3,"Zamīn Sūkhteh","Zamin Sukhteh","Zamin Sukhteh,Zamīn Sūkhteh","[48.91667,32.48333]","P","PPL","IR",,"15",,,
5,"Yekāhī","Yekahi","Yekahi,Yekāhī","[48.9,32.5]","P","PPL","IR",,"15",,,
Can you paste in the result when you try to convert that snapshot?
What is the result if you go to the console and type "import os; os.linesep"?

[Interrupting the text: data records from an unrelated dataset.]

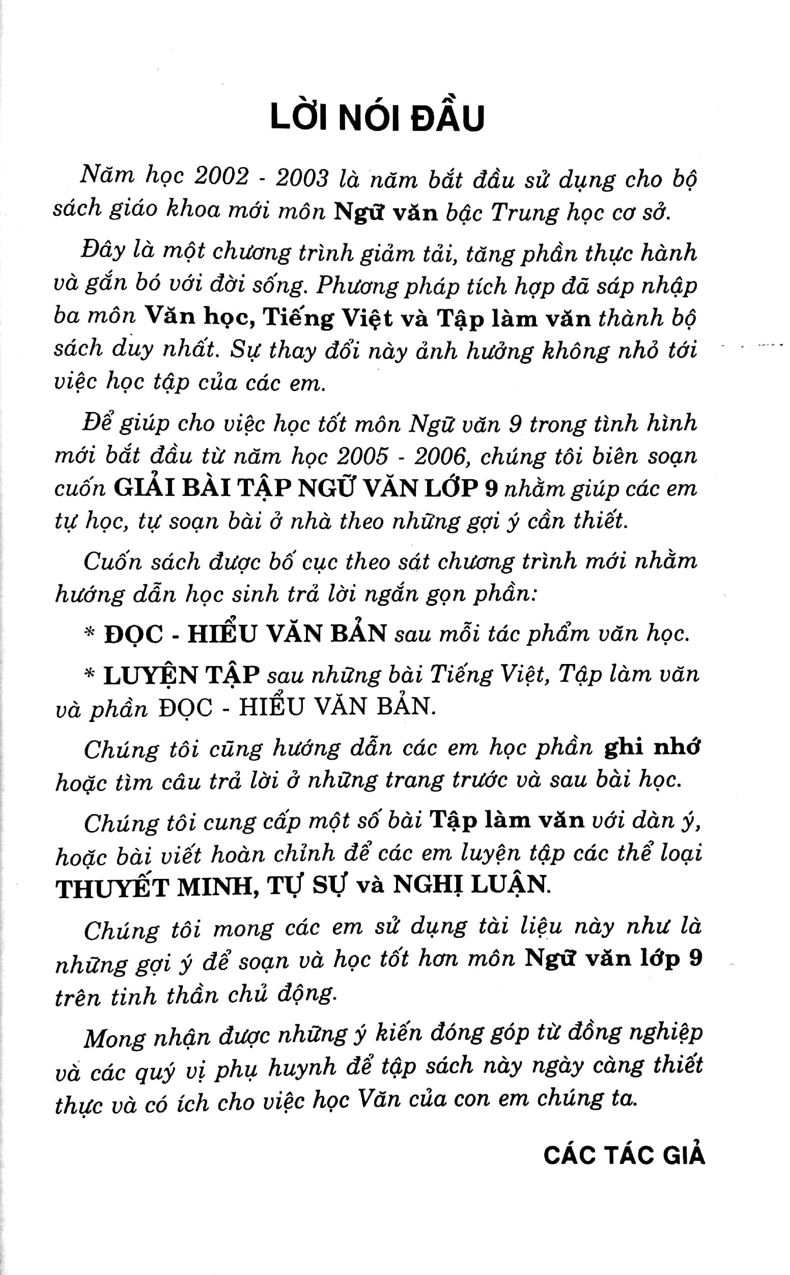 Giải Bài Tập Ngữ Văn 9 (Tái Bản 2022) Cuốn sách biên soạn đáp ứng trọng tâm các yêu cầu về kỹ năng và kiến thức cần có cho các em khi học môn Ngữ văn nói chung và môn Tập làm văn nói riêng. Cùng với đó, cuốn sách cũng biên soạn nhiều bài văn củng cố, mở rộng – nâng cao kiến thức, kĩ năng và tổ chức hệ thống đề bài để học đi đôi với hành. Với nội dung phong phú, đa dạng, hi vọng cuốn sách sẽ là tài liệu bổ ích đối với các em học sinh.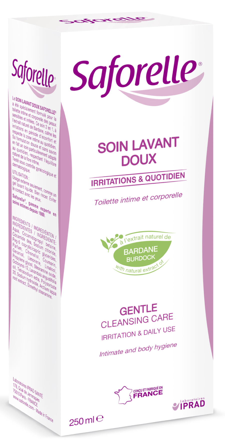 Средство для интимной гигиены Saforelle Бережное очищение реализуется в индивидуальной упаковке — флаконе. Объем — 250 мл. В его составе содержатся следующие компоненты: Aqua, Cocamidopropyl Betaine, Cocamide DEA, Sodium chloride, PEG-6 Caprylic/Capric Glycerides, Parfum, Propylene Glycol, Polysorbate 20, Stearamine oxide, Lavandula angustifolia oil, Tetrasodium EDTA, Sodium Hydroxide, Arctium Lappa Root Extract, Dimethyl Stearamine.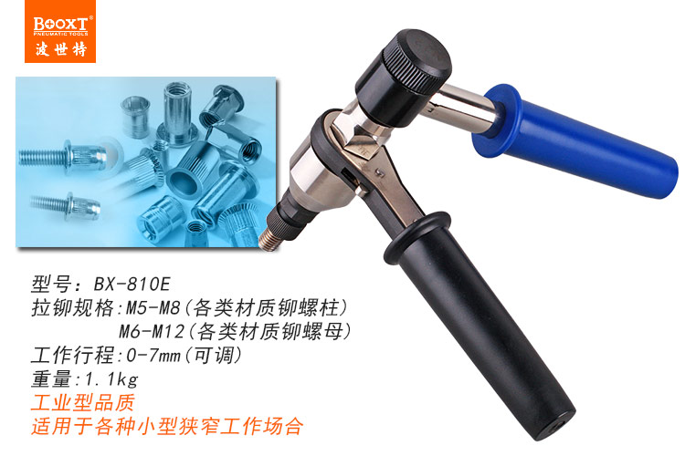 東莞市強勁五金工具有限公司提供臺灣BOOXT波世特品牌氣動工具,手動棘輪拉鉚螺母槍BX-810E廠家直銷,首件享特價。咨詢熱線:4008301980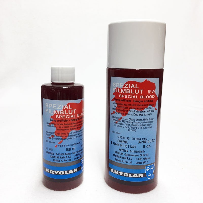 Special Blood IEW manufactured by Kryolan Professional Makeup is a multi-purpose version of artificial blood for theater, film, and television. This artificial blood product can be washed out of virtually all textiles and articles of clothing. It is also suitable for use in and around the mouth.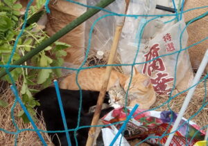 外猫さん達は私の準備している音が分かっているけれど、お腹が空いているから最近では三毛ちゃんやちゃーちゃんではなく、仔猫の代表が猫の出入り口から一歩だけ入って、『🍚お願いします。』と催促する様になりました。母猫達は隙あらばそこに居座ろう、という魂胆が見え見えでしたが、仔猫達はさっさと引き上げます。こちらもイライラしないで済みます。上機嫌で更にやって上げられる事は無いかな、と探します。上手な付き合い方をする仔猫達です。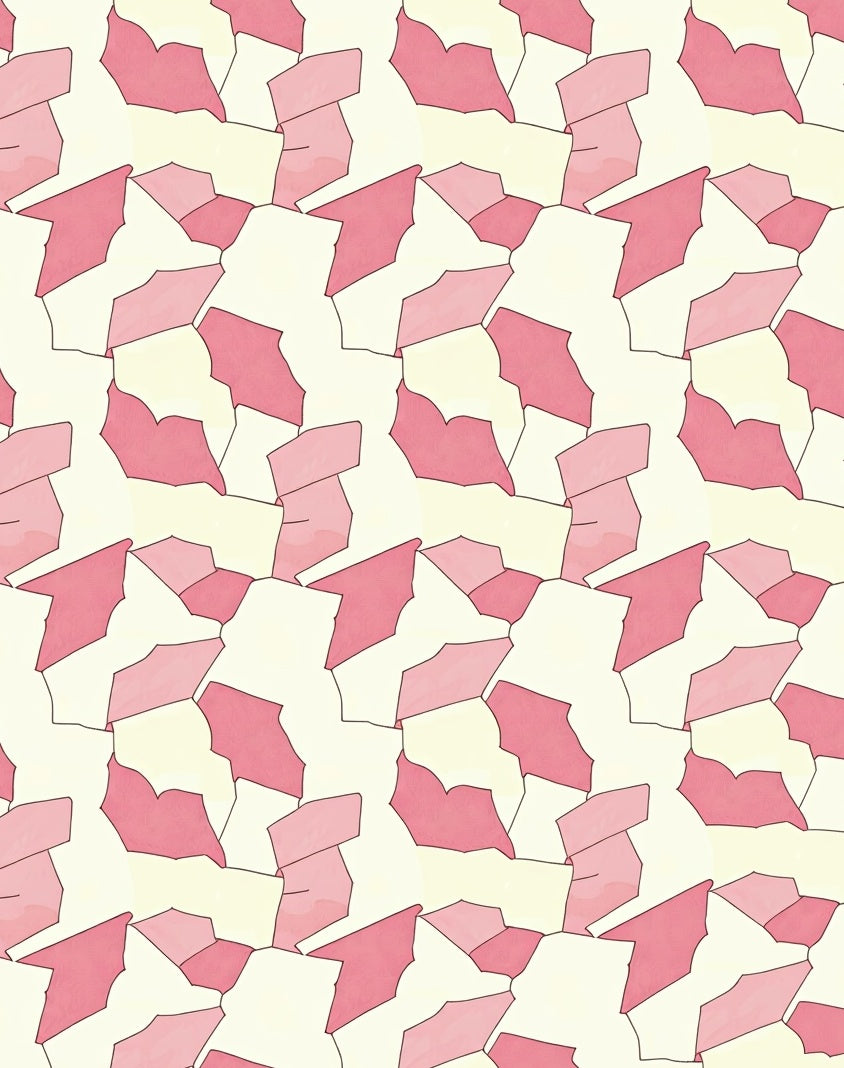 Hexagonal Mosaic Contemporary with Interconnected Shapes(Pink)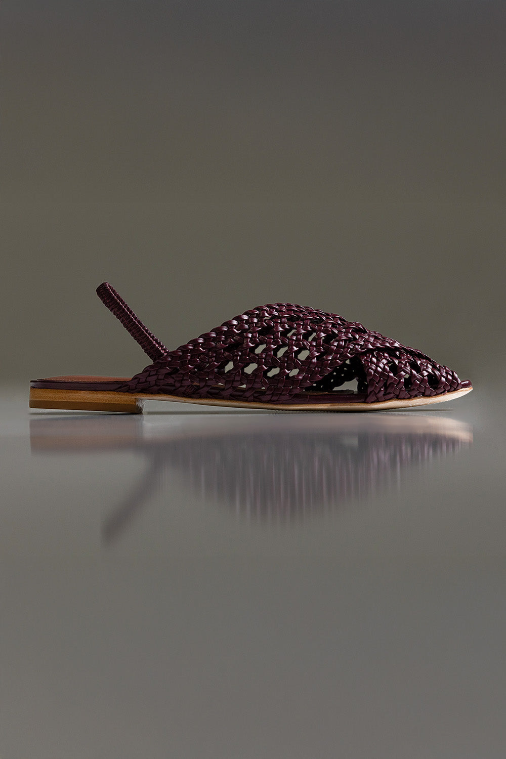 Couro legítimo - cabedal couro marsala - técnica tressê/ macramê - solado couro natural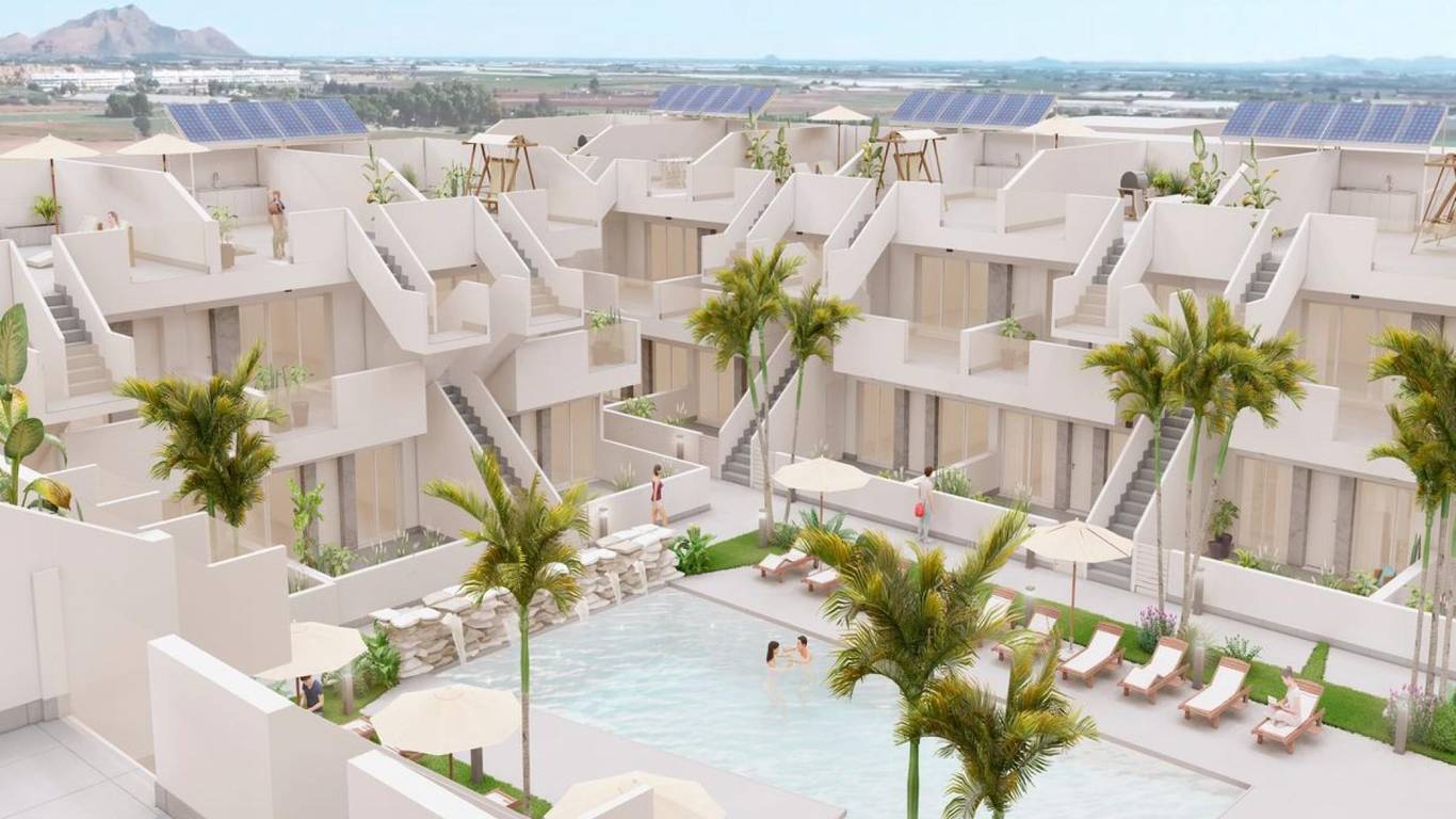 The communal areas include a large swimming pool with a waterfall, a green area with sun loungers, a playground for the little ones, and sports areas with all the necessary equipment. More good news: this development will soon have four paddle tennis and tennis courts, a bowling alley, and a bar/cafeteria opening their doors this summer!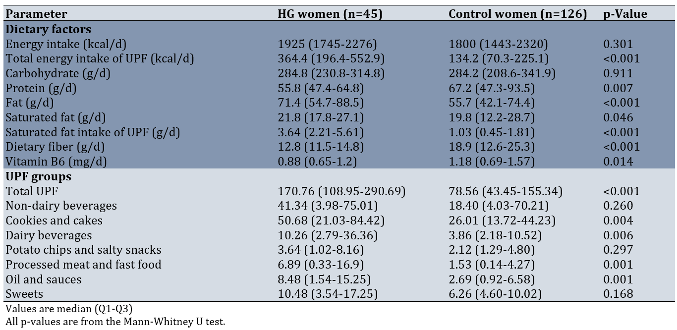 Given that UPFs are a major source of saturated fats and may promote systemic inflammation and oxidative stress—both hypothesized mechanisms in HG pathogenesis—we sought to investigate their potential role. To date, no study has examined the association between UPF intake and HG risk. Therefore, this case-control study aimed to evaluate whether pre-pregnancy consumption of UPFs is associated with higher odds of developing HG in Iranian women, while adjusting for key confounding factors.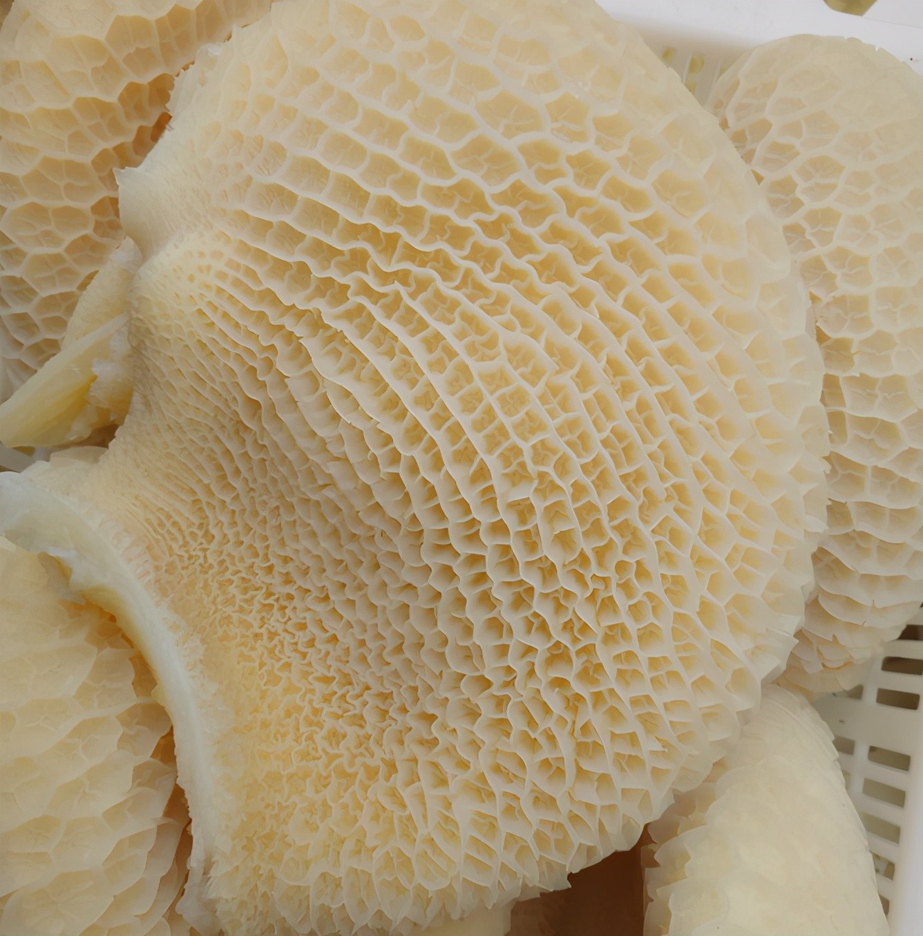 这部分是牛存储反刍饲料的位置。反刍胃的胃壁像蜂巢一样,在里昂附近美食中有道名为“镶牛肚”的菜就是用它做的。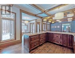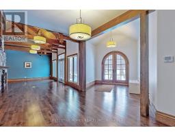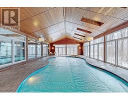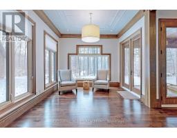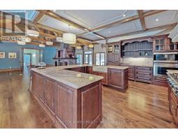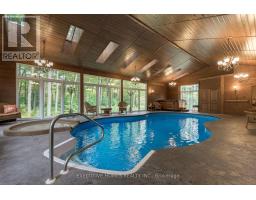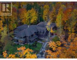 Welcome to 7651 Milburough Line, an exceptional private estate set on 42 acres of picturesque countryside in Milton, complete with a spring-fed pond and 30 acres of mature sugar maple forest. A long, tree-lined private drive leads to this remarkable custom-built residence offering approximately 19,470 sq ft of total living space (15,696 sq ft finished). Designed for grand living and entertaining, the home features 11 bedrooms and 11 bathrooms, ideal for multi-generational families or luxury retreats. Inside, timeless elegance is expressed through soaring 22-ft vaulted ceilings, coffered details, handcrafted plaster mouldings, and rich solid wood finishes throughout. Two gourmet kitchens, outfitted with professional-grade appliances, provide exceptional versatility for hosting on any scale. The main floor primary suite is a true sanctuary, highlighted by a spa-inspired ensuite with chromatherapy tub, heated backrests, warming drawer, and heated towel rack. Multiple principal rooms are anchored by five gas fireplaces and a striking wood-burning fireplace, offering warmth and sophistication. Resort-style amenities elevate the experience, including a stunning indoor heated pool with hot tub and children's wading area, along with a dedicated wellness wing featuring a home gym and spa with dual saunas. The finished lower level with walkouts adds flexible space for recreation or extended family living.Outdoors, enjoy multiple patios, screened porches, and a Muskoka-style room with a double-sided fireplace, all surrounded by serene natural beauty. Built with exceptional quality, the home includes geothermal heating, in-floor radiant systems, 400-amp service, metal roofing, and advanced water purification. Renovated in 2015, this rare offering blends luxury, privacy, and convenience just minutes from major routes. (id:51194)

After converting to JSON it looks like this:
[{""name"": "Zam\u012bn S\u016bkhteh", ""alternatenames"": "Zamin Sukhteh,Zam\u012bn S\u016bkhteh", ""cc2"": "", ""admin1_code"": "15", ""geonameid"": "3", ""feature_class"": "P", ""country_code"": "IR", ""loc"": "[48.91667,32.48333]", ""feature_code"": "PPL", ""admin3_code"": "", ""admin2_code"": "", ""admin4_code"": "", ""asciiname"": "Zamin Sukhteh"}, {""name"": "Yek\u0101h\u012b", ""alternatenames"": "Yekahi,Yek\u0101h\u012b", ""cc2"": "", ""admin1_code"": "15", ""geonameid"": "5", ""feature_class"": "P", ""country_code"": "IR", ""loc"": "[48.9,32.5]", ""feature_code"": "PPL", ""admin3_code"": "", ""admin2_code"": "", ""admin4_code"": "", ""asciiname"": "Yekahi"} .... etc ....
Import OS:
import os; os.linesep
'\r\n'
I can reproduce this. While the quotes are getting doubled, it's valid JSON. Fixing the quotes should be a quick fix. In the meantime, try doing a regex find-replace for "\\"|\\""
to "
.
Here's what I get when I do that find-replace and then format the JSON:
[
{
"name": "Zamīn Sūkhteh",
"alternatenames": "Zamin Sukhteh,Zamīn Sūkhteh",
"cc2": "",
"admin1_code": "15",
"geonameid": "3",
"feature_class": "P",
"country_code": "IR",
"loc": "[48.91667,32.48333]",
"feature_code": "PPL",
"admin3_code": "",
"admin2_code": "",
"admin4_code": "",
"asciiname": "Zamin Sukhteh"
},
{
"name": "Yekāhī",
"alternatenames": "Yekahi,Yekāhī",
"cc2": "",
"admin1_code": "15",
"geonameid": "5",
"feature_class": "P",
"country_code": "IR",
"loc": "[48.9,32.5]",
"feature_code": "PPL",
"admin3_code": "",
"admin2_code": "",
"admin4_code": "",
"asciiname": "Yekahi"
}
]
Having the same issue, it seems like the line endings detection is messed up.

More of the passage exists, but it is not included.